This is just speculation, but based on a conversation with my partner, there are two types of computer users. The first group makes use of hierarchical storage, consistent naming conventions, and other organizational tricks to give them a rough idea of where any file might be. The second group has never heard the term "file systems" and just stores everything with an arbitrary name in whatever location the originating application uses by default.

The first group would prefer to search the given directory, because the supplied context (of which folder to start the search in) drastically improves/speeds search results. The second group prefers to search the entire disk, because supplying that additional context is impossible - any file might appear anywhere.
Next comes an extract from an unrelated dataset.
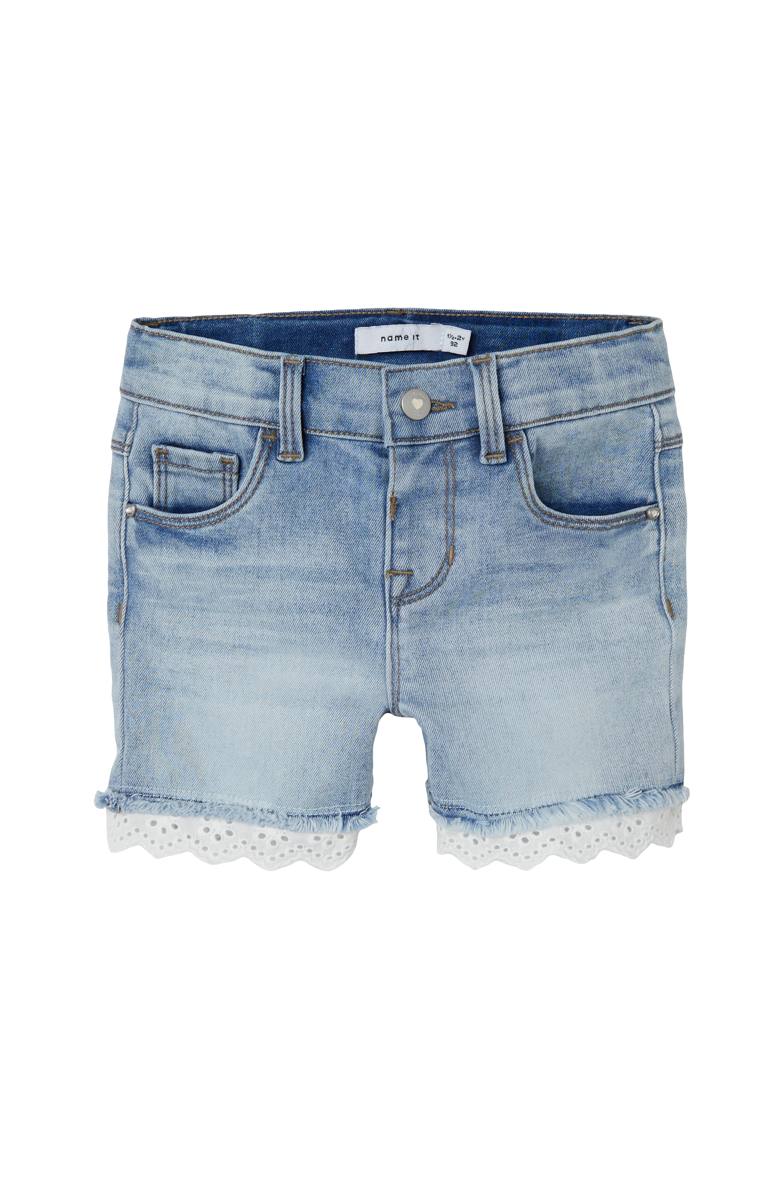 • Jeans-shorts i stretch denim• Justerbar midje• Tynn femlommemodell• Påsydd volangkant på bunnen med hullbroderi

The set intersection between the first group and "people who change their default settings" is much higher than it is with the second group. Consequently, the whole disk search is enabled by default.

Additionally, given the addition of an "All My Files" view in Finder (a feature which the first group would probably find baffling), Apple may also believe that the latter group outnumbers the former.

5 comments

Reminds me of this Verge article reporting that kids growing up with iPhones don’t know what files or directories are: https://www.theverge.com/22684730/students-file-folder-direc...
Very much an intentional goal of the OS when it came out, the hope being that the concepts of files and folders might never be needed. A bold move to get rid of a mental overhead for using a computer that was never natural or intuitive to non-tech users. They eventually had to back off a bit, but it’s an amazing accomplishment that most users can still use these devices as if files weren’t a thing.
How long do you think that IT professionals will need to care about hierarchical file systems?
Yeah this is true, friends that are professors say they now have to have a basic class early in the semester that explains folders, files, and other basics to students.
Funny, I'm in the first group but I'd much rather have it search everything by default: because I organize my files, if I'm searching for one that means that I don't know where it is, so I need to look everywhere.
To me this is definitely it. Using non-technical people's computers is eye-opening. Thousands of files scattered around on the Desktop, Documents, or wherever they just happened to go. Finding something in a specific directory would be a completely foreign concept.
Well, count me in the third group: I make use of hierarchical storage, consistent naming conventions, and other organizational tricks to give me a rough idea of where any file might be. I also fail miserably at it (apart from dev/programming stuff, which all is in `~/dev/<project name>`) and rely heavily on search to find anything again.

As search is fast enough nowadays with indexing, I'd rather have it search the whole disk every time than the directory I'm in just to realize I've put it someplace else.

Funny enough, I'm in the first group but prefer Finder's default behavior for the second group.